Final proof details • We define what constitutes a valid schedulefor changing the epsilons (one for each hypothesis) and the number of rounds per epoch • Number of rounds should increase fast enough to get nonzero probability of never restarting (if hypothesis is true) • Chebyshev’s inequality then allows us to bound the probability of restart in a given epoch • This allows us to prove the paper’s main results: • Theorem. AWESOME (with a valid schedule) converges to a best response against (eventually) stationary opponents. • Theorem. AWESOME (with a valid schedule) converges to a Nash equilibrium in self-play. • Interestingly, it is not always the pre-computed equilibrium!

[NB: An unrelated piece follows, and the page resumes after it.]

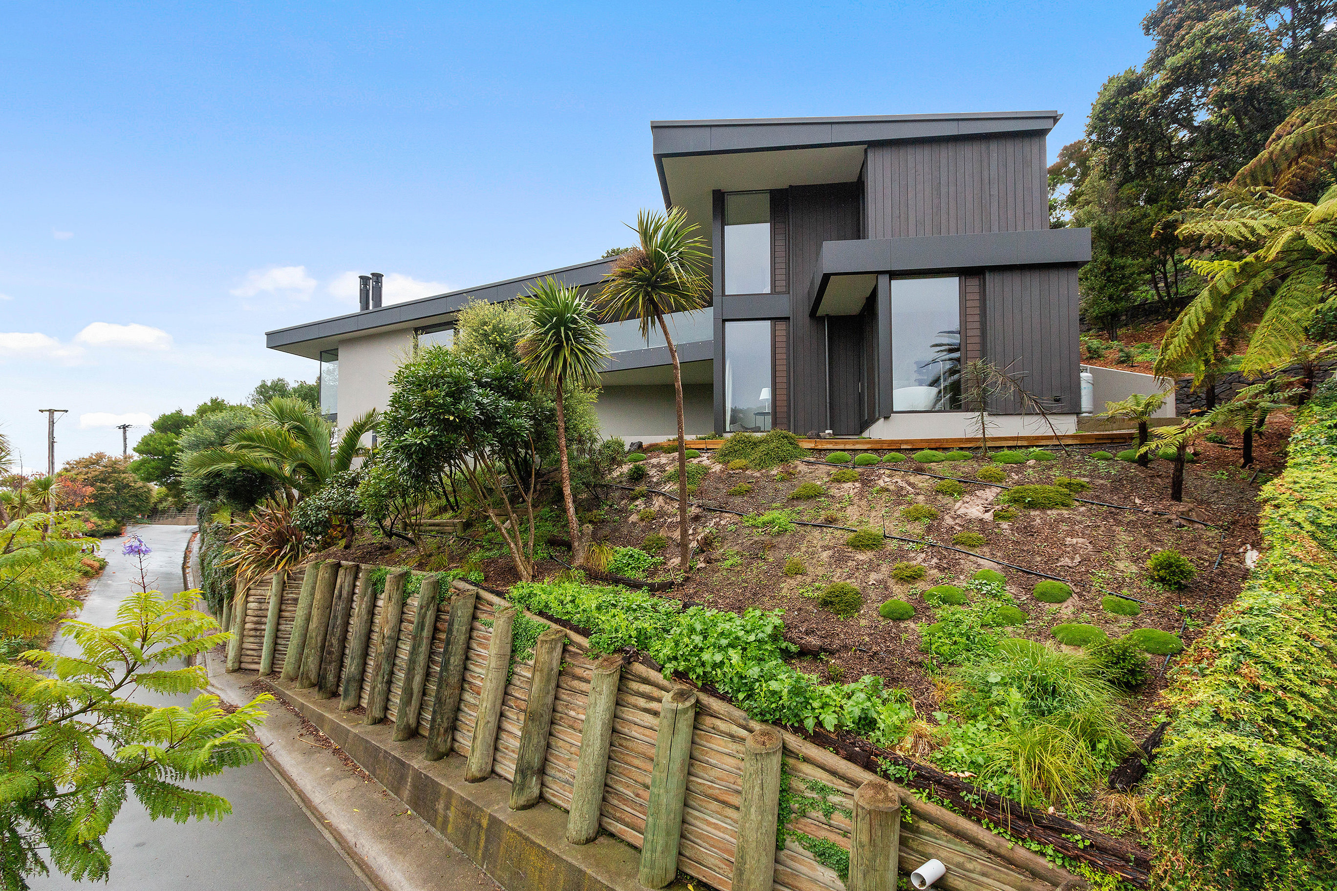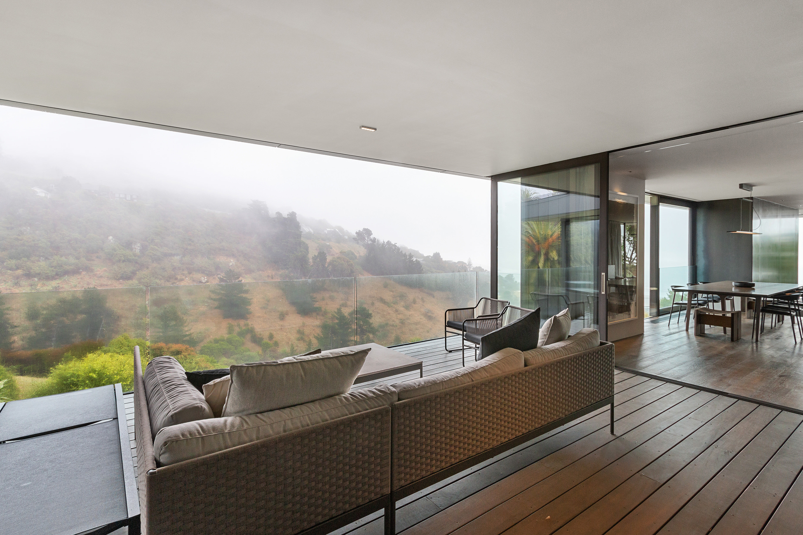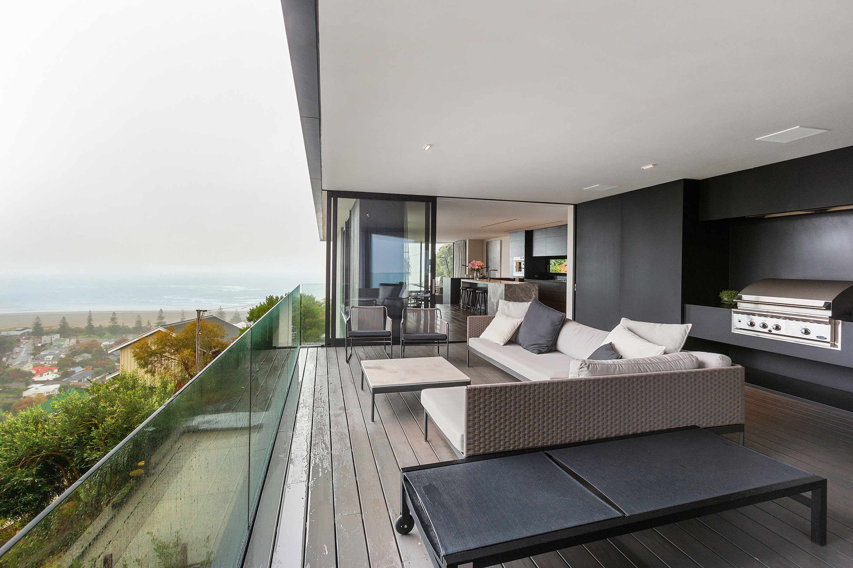Nestled into the hillside, this family residence commands dramatic views of Sumner Beach, Brighton Pier and the Kaikoura ranges.

Summary • AWESOME is (to our knowledge) the first algorithm for learning in general repeated games that: • Converges to a best response against (eventually) stationary opponents • Converges to a Nash equilibrium in self-play • Basic idea: try to adapt (best-respond) when everybody appears to be playing stationary strategies, but otherwise go back to the equilibrium • AWESOME achieves this by testing various hypotheses each epoch of rounds • Convergence can be proved for carefully constructed schedules for simultaneously increasing • the strength of the test • the number of rounds per epoch
Future research • Speed of convergence • Does AWESOME converge fast? • For which schedules of increasing the number of rounds per epoch & strength of the test? • Can it be changed to converge faster? • Does AWESOME have additional properties? • For example, basic idea seems fairly “safe” in zero-sum games • Add code to the algorithm skeleton to obtain other properties? • Fewer assumptions • Can we integrate learning the structure of the game? • Can AWESOME be simplified? • E.g., not having to compute a Nash equilibrium • Are the proof techniques we used useful elsewhere?